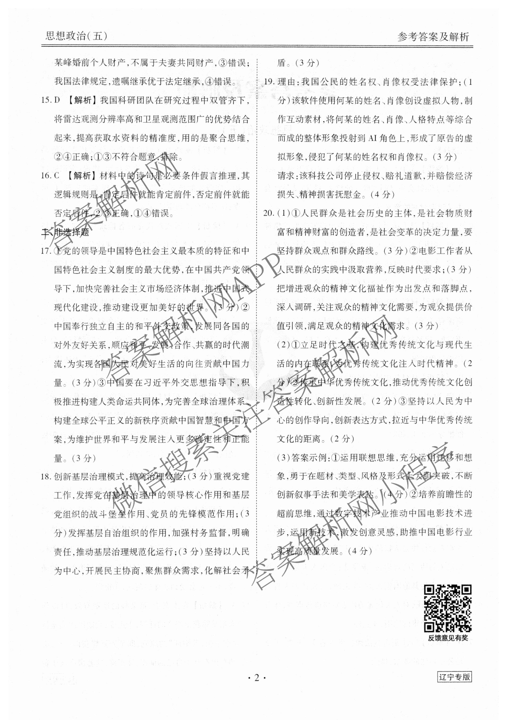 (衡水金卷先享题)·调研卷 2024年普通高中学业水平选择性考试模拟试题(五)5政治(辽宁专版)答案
*****
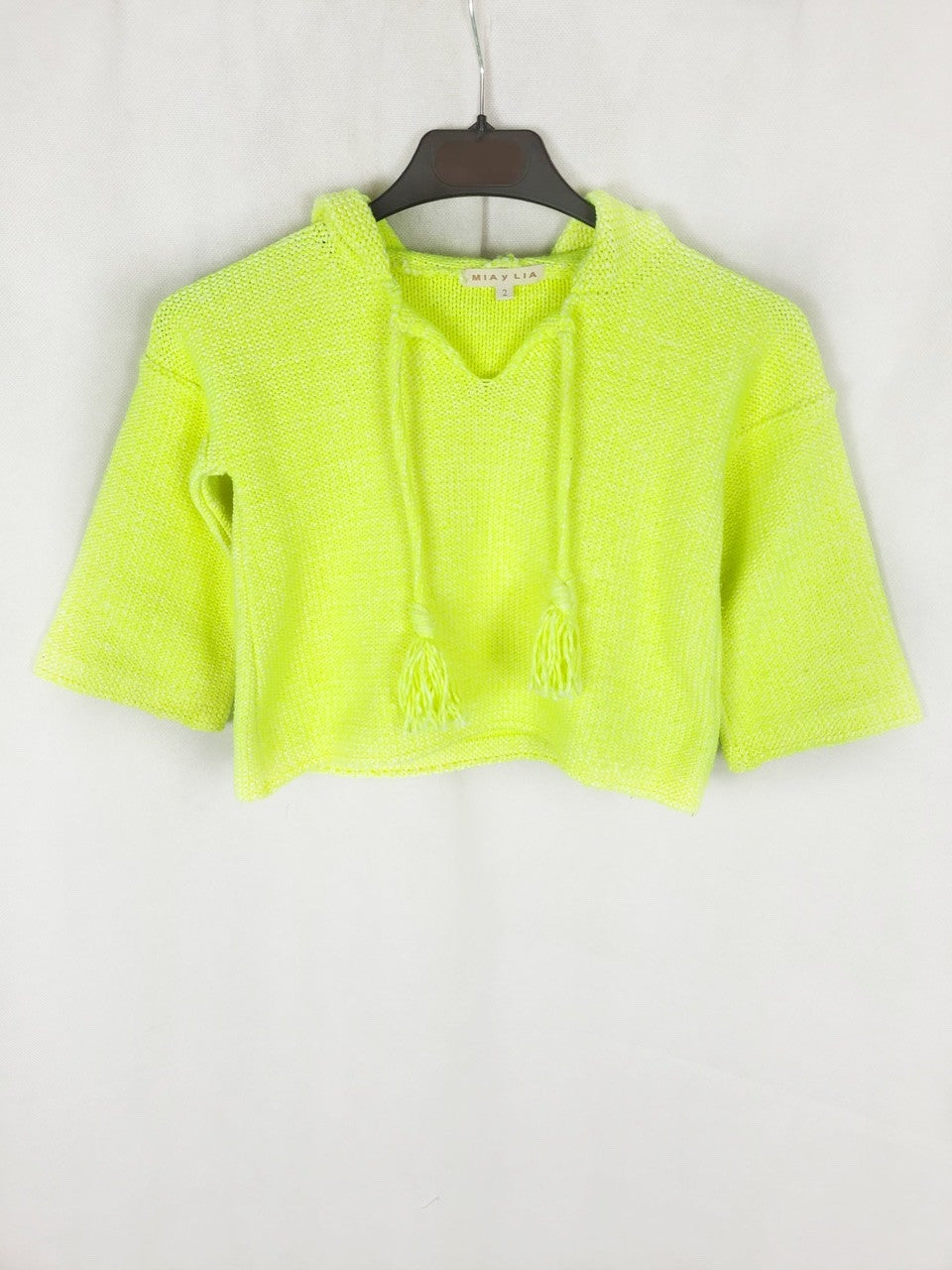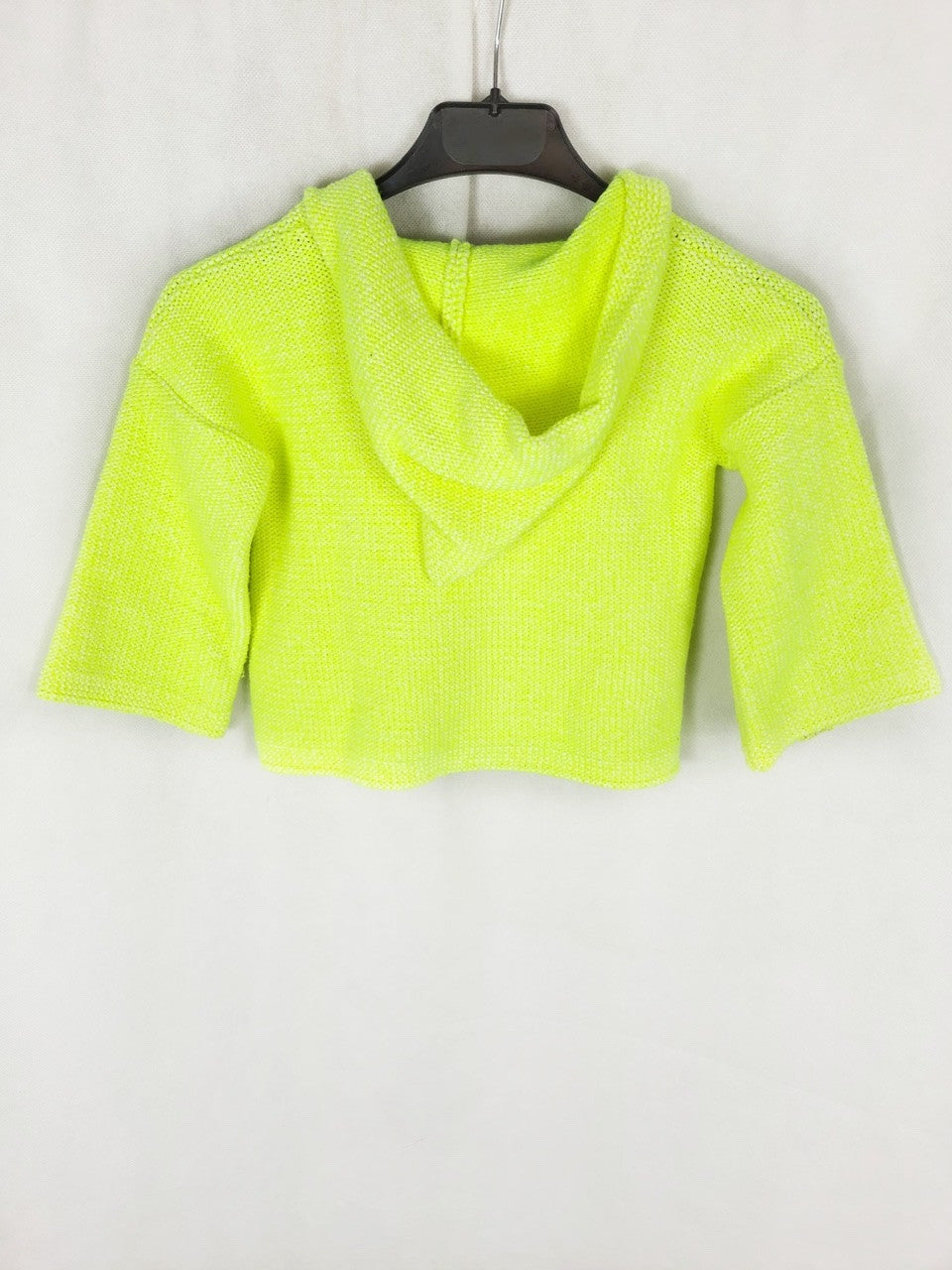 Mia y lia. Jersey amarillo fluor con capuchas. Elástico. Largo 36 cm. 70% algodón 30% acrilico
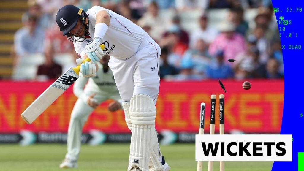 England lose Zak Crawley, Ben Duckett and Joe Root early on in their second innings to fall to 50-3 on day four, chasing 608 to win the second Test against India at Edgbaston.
*****
Activity – Pictures aside, print exactly the lines above starting with the one containing "Mia y lia. Jersey" and going on through the one containing "England lose Zak".

Completed task –
 Mia y lia. Jersey amarillo fluor con capuchas. Elástico. Largo 36 cm. 70% algodón 30% acrilico
 England lose Zak Crawley, Ben Duckett and Joe Root early on in their second innings to fall to 50-3 on day four, chasing 608 to win the second Test against India at Edgbaston.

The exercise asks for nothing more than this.